How Should No Child Left Behind (NCLB) Be Evaluated
Since most current literature deems it necessary to evaluate the No Child Left Behind policy immediately or as soon as possible, the next question that should be addressed is how is the policy going to be evaluated? There are several options and these options could come from either the state or federal level. The evaluation process should look at the area of need and disparity first and then evaluate the processes that caused weaknesses or failure within the policy.
NCLB Evaluation at All Levels
Sunderman (2007) argues that the No Child Left Behind Policy should be evaluated on all levels. He especially wants the evaluation to include the core of the issues of the policy. This, according to the author, is how the students are evaluated and how the results of the evaluations are interpreted. He feels that without realistic testing and evaluation, the results are mute and will steer districts and states to make drastic decisions based on erroneous reporting and unrealistic goals. Once this is established, Sunderman believes that an upward evaluation of the policy can be readjusted with realistic goals and achievable standards.

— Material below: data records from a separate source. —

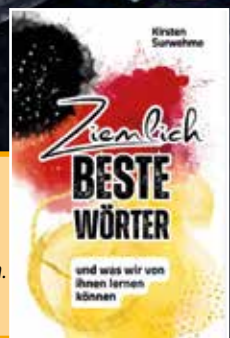
Image verlost drei kleine Bücher von Kirsten Surwehne für alle Sprachliebhaber und solche, die es werden möchten. Lesen Sie mehr auf Seite 21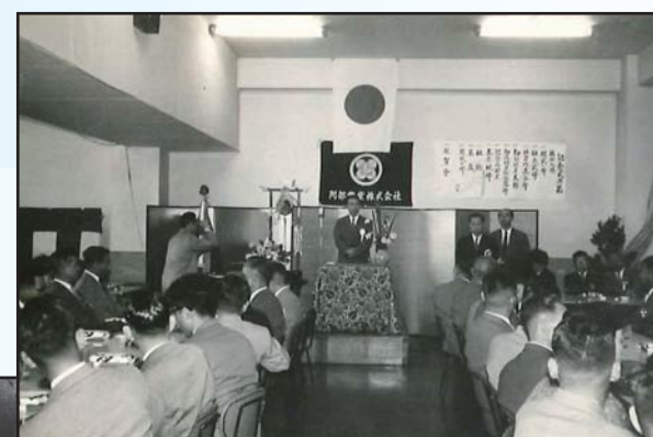
創業 15 周年式典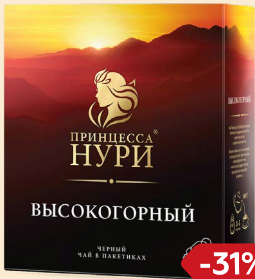
Чай черный ПРИНЦЕССА НУРИ , Высокогорный, 100 пакетиков

Evaluated from the Bottom Up
The NCLB Roundtable (2008) agrees with Sunderman and states that the policy should be evaluated from the bottom up. This will allow the states and districts to have proper and realistic data to make informed decisions of whether the students of a particular district or school have made progress from the previous year. They argue that the students should be assessed by using formative assessment methods and other classroom data, not just standardized tests. They continue to say that one standardized test does not give the teacher or administrators a true reading of student growth or achievement.
Focus on What Works
Slavin (2006) puts out an idea that No Child Left Behind should be evaluated and that the evaluation should focus on what works within the policy. The author would like to see what has been proven to be positive and workable in the policy and see other components that are weak or failing be removed or revised to provide more positive reinforcements to NCLB and other polices that are in place. The removal of failing components would leave administrators and policy makers with more leeway and support for the components that are proven to be successful.